---- Data segment
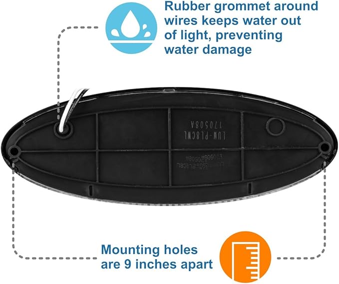 - Durability: All-weather molded plastic housing and durable lens prevents corrosion. Removing the snap on trim reveals water tight housing for lighting while on the back of the light wires exit through a rubber grommet to help prevent water entry and damage.
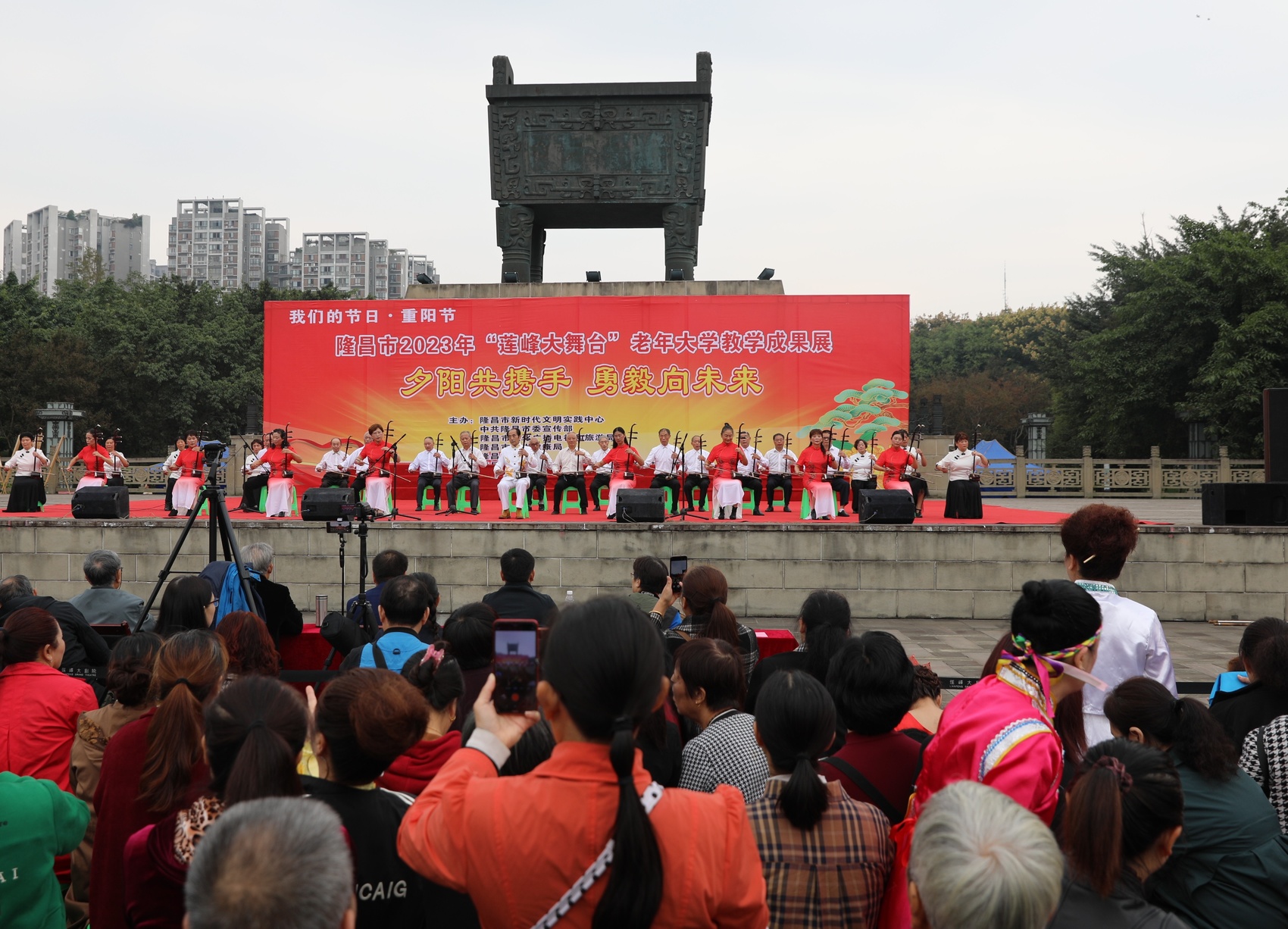 与此同时,隆昌市莲峰公园,一场以老年人为主角的“夕阳共携手 勇毅向未来”教学成果演出火热举行。器乐合奏、书画表演、太极拳、时装秀……丰富多彩的节目将牌坊文化、青石文化等文化元素和孝老爱亲的中华优秀传统美德巧妙融合,充分展现了老年人们老有所乐、老有所为、热爱生活、积极乐观的精神风貌,以实际行动倡导全民爱老敬老新风尚。
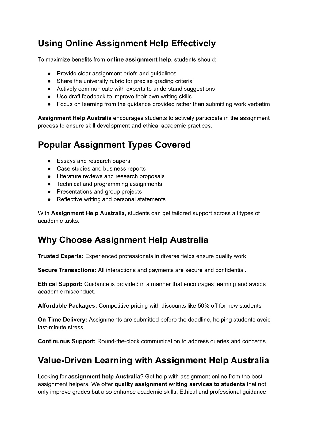 Using Online Assignment Help Effectively To maximize benefits from online assignment help, students should: ● Provide clear assignment briefs and guidelines ● Share the university rubric for precise grading criteria ● Actively communicate with experts to understand suggestions ● Use draft feedback to improve their own writing skills ● Focus on learning from the guidance provided rather than submitting work verbatim Assignment Help Australia encourages students to actively participate in the assignment process to ensure skill development and ethical academic practices. Popular Assignment Types Covered ● Essays and research papers ● Case studies and business reports ● Literature reviews and research proposals ● Technical and programming assignments ● Presentations and group projects ● Reflective writing and personal statements With Assignment Help Australia, students can get tailored support across all types of academic tasks. Why Choose Assignment Help Australia Trusted Experts: Experienced professionals in diverse fields ensure quality work. Secure Transactions: All interactions and payments are secure and confidential. Ethical Support: Guidance is provided in a manner that encourages learning and avoids academic misconduct. Affordable Packages: Competitive pricing with discounts like 50% off for new students. On-Time Delivery: Assignments are submitted before the deadline, helping students avoid last-minute stress. Continuous Support: Round-the-clock communication to address queries and concerns. Value-Driven Learning with Assignment Help Australia Looking for assignment help Australia? Get help with assignment online from the best assignment helpers. We offer quality assignment writing services to students that not only improve grades but also enhance academic skills. Ethical and professional guidance
--------
Task brief.
Each line of the data above must be reproduced as written. Skip the pictures.

Output of the exercise.
 - Durability: All-weather molded plastic housing and durable lens prevents corrosion. Removing the snap on trim reveals water tight housing for lighting while on the back of the light wires exit through a rubber grommet to help prevent water entry and damage.
 与此同时,隆昌市莲峰公园,一场以老年人为主角的“夕阳共携手 勇毅向未来”教学成果演出火热举行。器乐合奏、书画表演、太极拳、时装秀……丰富多彩的节目将牌坊文化、青石文化等文化元素和孝老爱亲的中华优秀传统美德巧妙融合,充分展现了老年人们老有所乐、老有所为、热爱生活、积极乐观的精神风貌,以实际行动倡导全民爱老敬老新风尚。
 Using Online Assignment Help Effectively To maximize benefits from online assignment help, students should: ● Provide clear assignment briefs and guidelines ● Share the university rubric for precise grading criteria ● Actively communicate with experts to understand suggestions ● Use draft feedback to improve their own writing skills ● Focus on learning from the guidance provided rather than submitting work verbatim Assignment Help Australia encourages students to actively participate in the assignment process to ensure skill development and ethical academic practices. Popular Assignment Types Covered ● Essays and research papers ● Case studies and business reports ● Literature reviews and research proposals ● Technical and programming assignments ● Presentations and group projects ● Reflective writing and personal statements With Assignment Help Australia, students can get tailored support across all types of academic tasks. Why Choose Assignment Help Australia Trusted Experts: Experienced professionals in diverse fields ensure quality work. Secure Transactions: All interactions and payments are secure and confidential. Ethical Support: Guidance is provided in a manner that encourages learning and avoids academic misconduct. Affordable Packages: Competitive pricing with discounts like 50% off for new students. On-Time Delivery: Assignments are submitted before the deadline, helping students avoid last-minute stress. Continuous Support: Round-the-clock communication to address queries and concerns. Value-Driven Learning with Assignment Help Australia Looking for assignment help Australia? Get help with assignment online from the best assignment helpers. We offer quality assignment writing services to students that not only improve grades but also enhance academic skills. Ethical and professional guidance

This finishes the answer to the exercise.